To understand how unexpected this was, all you need do is look at the graphic at the top of this post.
From 1918 through 1976 we’d seen three influenza A pandemics (1918, 1957, 1968) and each time the pandemic virus completely supplanted the previously circulating influenza A virus. The descendents of the 1918 H1N1 virus reigned supreme (and alone) until it was unseated by H2N2 in 1957. H2N2 held court until H3N2 pushed it aside eleven years later.
There were certainly influenza B viruses in the mix, but the norm appeared to be only one influenza A subtype each flu season.
In 1977, however, a second influenza A virus abruptly appeared, or rather - re-appeared – and began circulating along side H3N2. A throwback to the 1950s, the 1977 H1N1 `Russian flu’ was generally mild in adults, but hit children and adolescents born before 1957 the hardest.
This unusual turn of events happened one year after our 1976 H1N1 swine flu scare, when as a young paramedic, I got my first taste of pandemic planning (see my account in Deja Flu, All Over Again). What we dodged in 1976 turned into a frantic flu season for children, hospitals and EMS the following year.
Since 1977 we’ve seen two influenza A subtypes co-circulate every year. Even when the 2009 H1N1 pandemic virus completely supplanted the old (1977) H1N1 virus, H3N2 continued to circulate.

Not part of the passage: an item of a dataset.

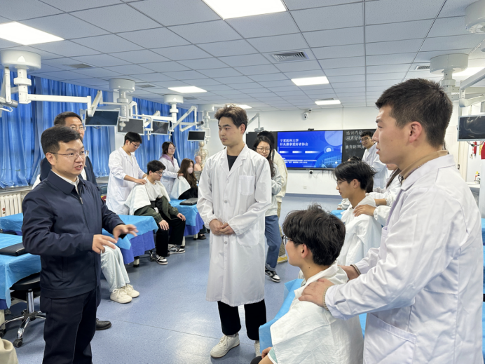 在调研针灸推拿协会社员培训活动时,协会负责人向调研组简要介绍了协会发展历程、工作情况、取得成果及未来规划。龚雪飞肯定了社团的各项工作,他鼓励协会成员要继续努力学习中医传统疗法,勤加练习推拿、扎针技术,通过“社区实践计划”、暑期“三下乡”社会实践等形式,积极走出校园开展中医科普宣传、健康义诊咨询,为弘扬中医药传统文化、服务广大人民群众生命安全和身体健康贡献青春力量。
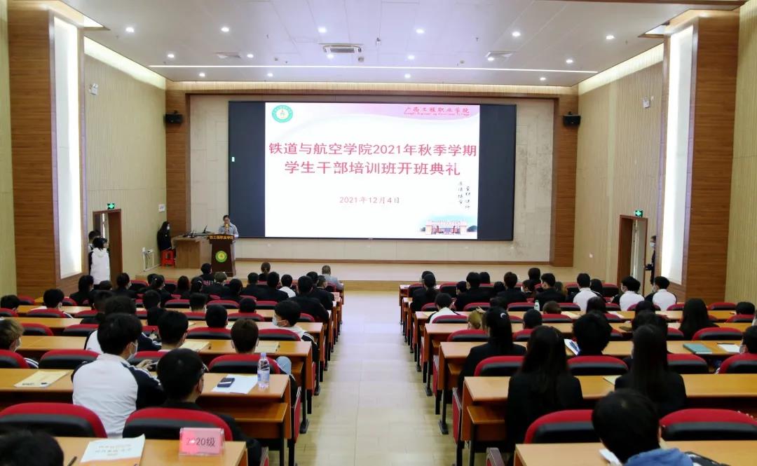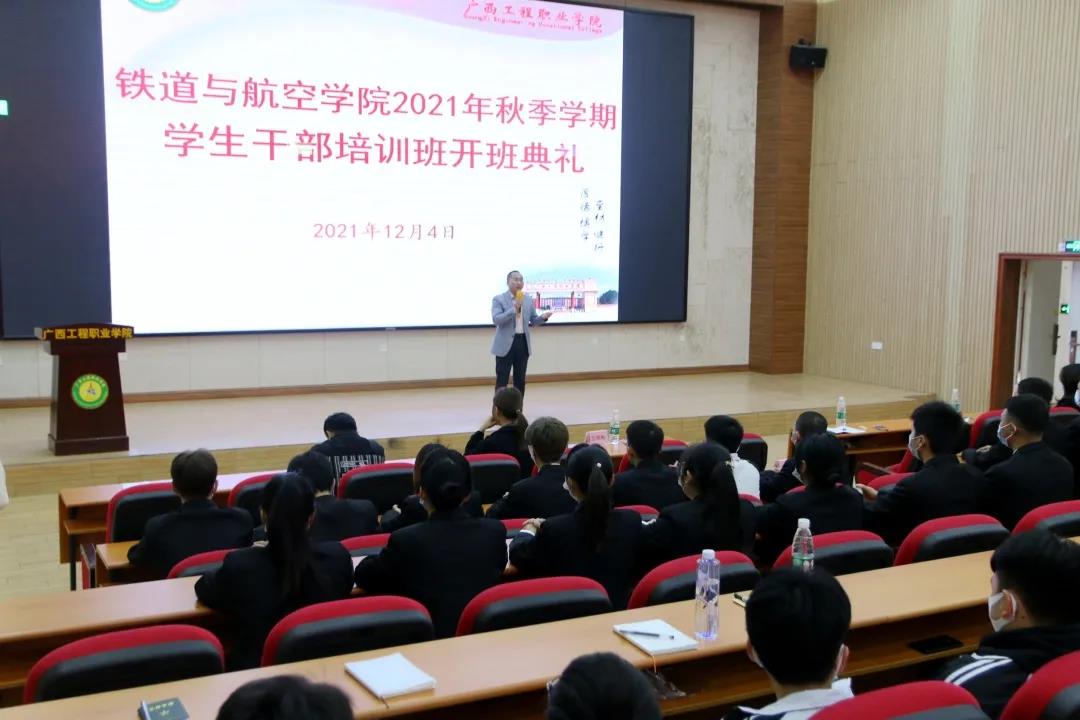 12月4日上午,學(xué)生干部培訓(xùn)班開班儀式在圖文信息大樓報告廳舉行。學(xué)校黨委委員、副校長彭高彬,鐵道與航空學(xué)院黨支部書記、副院長覃鳳姣,學(xué)生科長謝小玲出席開班儀式,全體2020級、2021級學(xué)生干部參加培訓(xùn)。儀式由覃鳳姣副院長主持。

For years scientists have tried to explain how a virus – gone from the wild for 20 years – could just suddenly reappear. Particularly one that was practically identical to a strain last seen more than a quarter of a century before. The most popular theory has been that of an accidental release from a Russian or Chinese research facility, but solid evidence has been lacking..
Yesterday, in the journal mBio, two researchers from UPMC Center for Health Security published a paper that looks at the available evidence, and discusses several plausible scenarios. They also discuss its possible relevance (or lack thereof) to the GOF (Gain of Function) debates of today (see mBio: The Risks & Benefits Of `GOF’ Experimentation On Pathogens With Pandemic Potential).

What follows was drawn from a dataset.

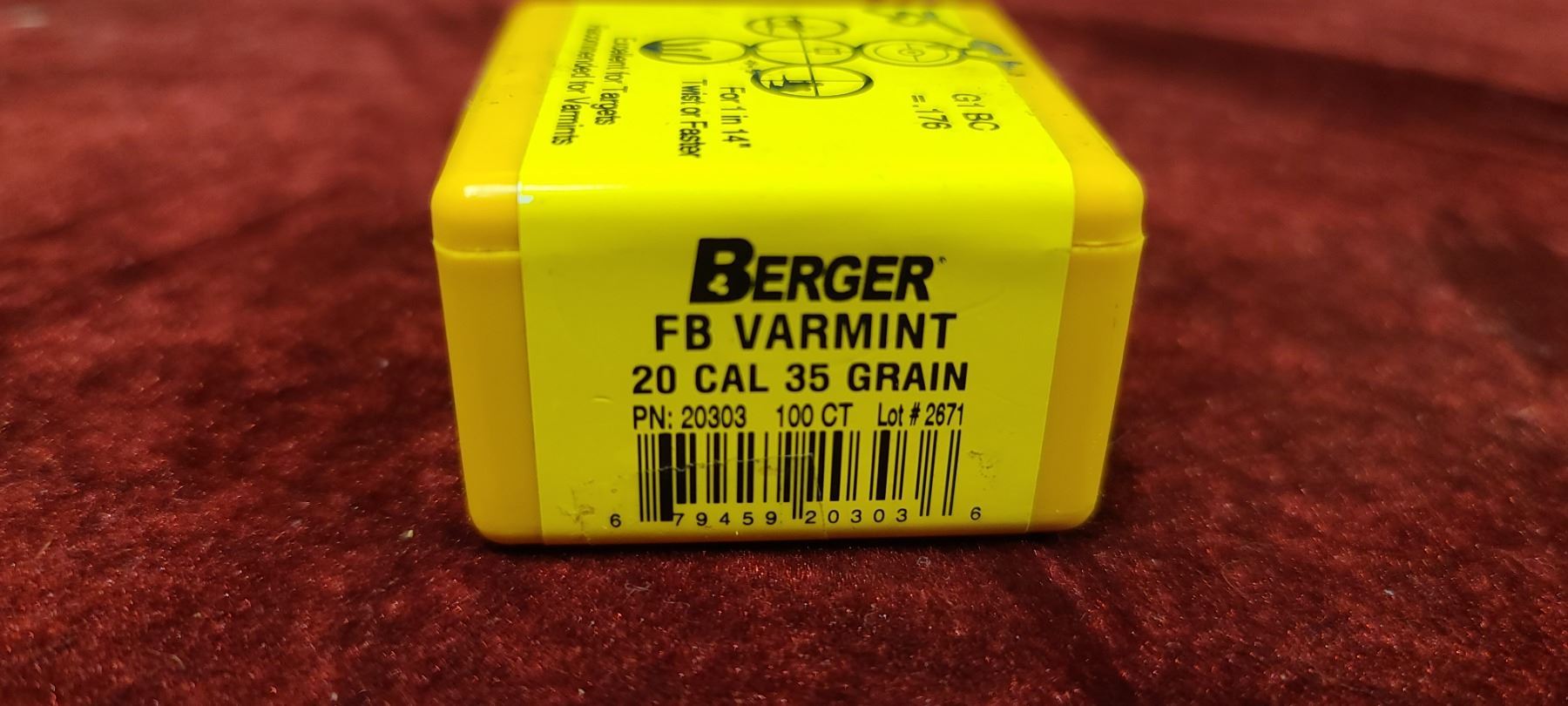 BERGER FB VARMINT 20CAL 35GR QTY 100

It’s a fascinating report, so follow the link below to read:
The 1977-1978 influenza epidemic was probably not a natural event, as the genetic sequence of the virus was nearly identical to the sequences of decades-old strains. While there are several hypotheses that could explain its origin, the possibility that the 1977 epidemic resulted from a laboratory accident has recently gained popularity in discussions about the biosafety risks of gain-of-function (GOF) influenza virus research, as an argument for why this research should not be performed. There is now a moratorium in the United States on funding GOF research while the benefits and risks, including the potential for accident, are analyzed. Given the importance of this historical epidemic to ongoing policy debates, we revisit the evidence that the 1977 epidemic was not natural and examine three potential origins: a laboratory accident, a live-vaccine trial escape, or deliberate release as a biological weapon. Based on available evidence, the 1977 strain was indeed too closely matched to decades-old strains to likely be a natural occurrence. While the origin of the outbreak cannot be conclusively determined without additional evidence, there are very plausible alternatives to the laboratory accident hypothesis, diminishing the relevance of the 1977 experience to the modern GOF debate.